I’m trying to create my own RL algorithm that requires modification in the execution_plan function.

But to my understanding workers.sample() and ParallelRollout basically does the same thing.

So, I don’t quite understand the difference between the two approach of collecting trajectories using remote workers. Could they be used interchangeably? Can I use either one of them in execution_plan? Some clarification in the document would be nice addition since they are right next to each other in the doc.

Edit: Another question. Is workers.sample() compatible with replay buffer? Do I have to implement my own buffer if I were to use it this way?

1 Like

Hey @51616 , great question!
Think about the execution plan as building a static-graph, just like you would do in tensorflow (1.x) when building a model. The logic you define here does not get executed right away, but you are telling the agent, what the plan should (repeatedly) execute during running the agent.

In other words, if you used workers.sample() inside your execution plan, this line of code would only be executed exactly once (when the execution plan is created at the beginning of your RLlib run).
On the other hand, using ParallelRollouts creates a callable object, calling which (repeatedly) does the rollout then.

If you want to go into more details, you can do ray.init(local_mode=True), set a debug breakpoint into the ParallelRollouts __call__ method and see that we execute this call each time we do a training iteration. When placing a breakpoint into your execution plan function and using workers.sample() instead, you would notice that this line would only ever be executed once (at the beginning when we create the plan).

1 Like

@sven1977 What if I create a function that returns a generator that does workers.sample() + learn_on_batch() every time the generator is iterated over?
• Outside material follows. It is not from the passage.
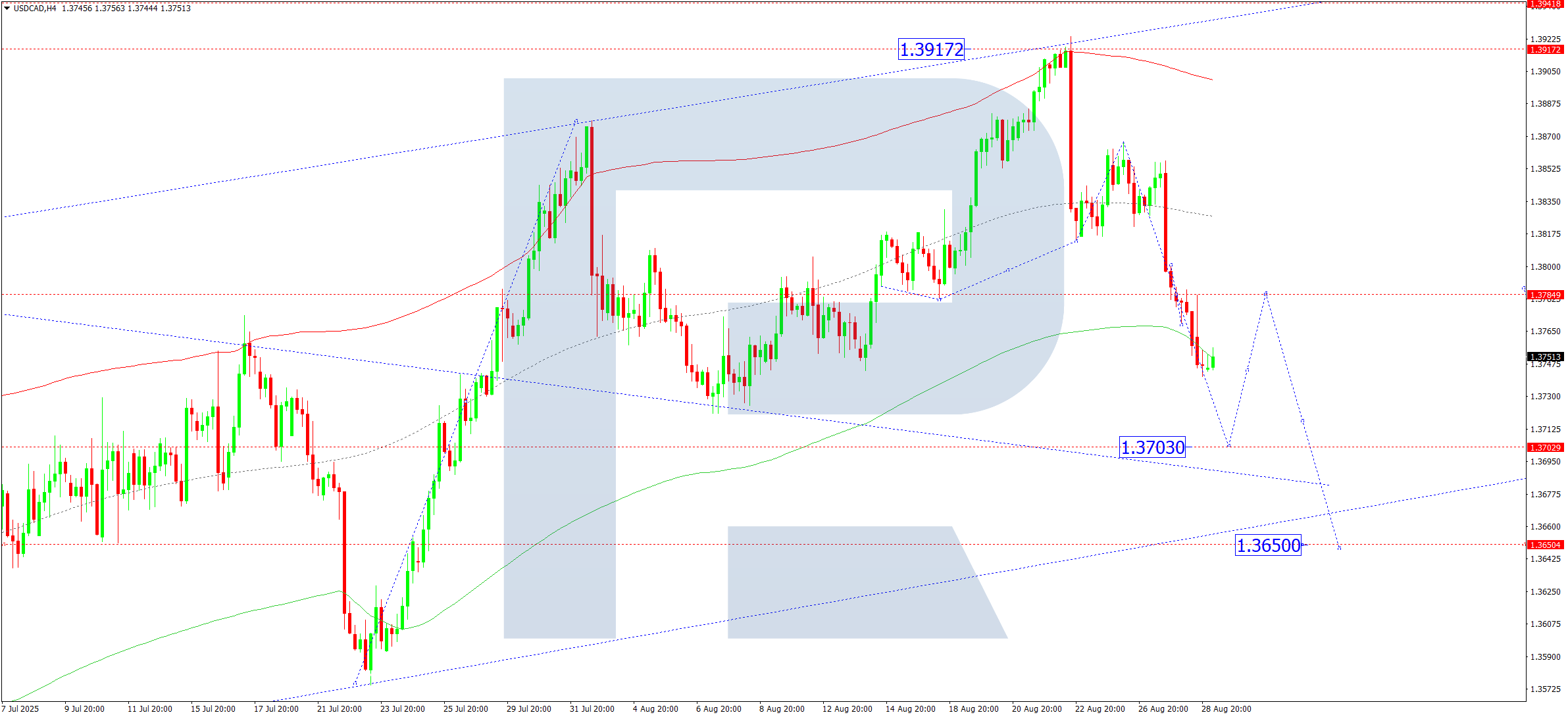 USDCAD жұбының H4 графигінде нарық 1.3780 деңгейінен төмен қарай бұзылып, 1.3700 деңгейіне дейін толқынды жалғастыруда. Бүгін, 2025 жылғы 29 тамызда, осы мақсатқа жету күтіледі, кейін 1.3800 деңгейіне дейін түзету орын алуы мүмкін. Осы түзетуден кейін, тағы бір төмен толқын 1.3650 деңгейіне дейін жалғасуы ықтимал.
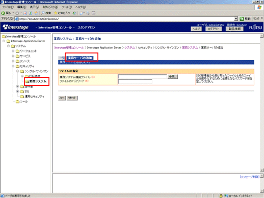 [Interstage 管理コンソール]画面で[システム]-[セキュリティ]-[シングル・サインオン]-[業務システム]-[業務サーバの追加]タブを選択します。

Will there be a performance hit if I do thing this way as suppose to using ParalllelRollouts + foreach.(TrainOneStep)?
I’m trying to create my own data flow that could be unusual compared to what ray provides and the first route seems more intuitive to me.

I think that’s exactly what you are looking for. Basically, this is what ParallelRollouts in combination with TrainOneStep already do in lots of our built-in algos. You can take a look at the rllib/execution dir to find all these callable classes and get some ideas from those. But yes, you can of course also pack this into a single op. You just have to be careful that you don’t introduce something sequential and break the parallelization.

1 Like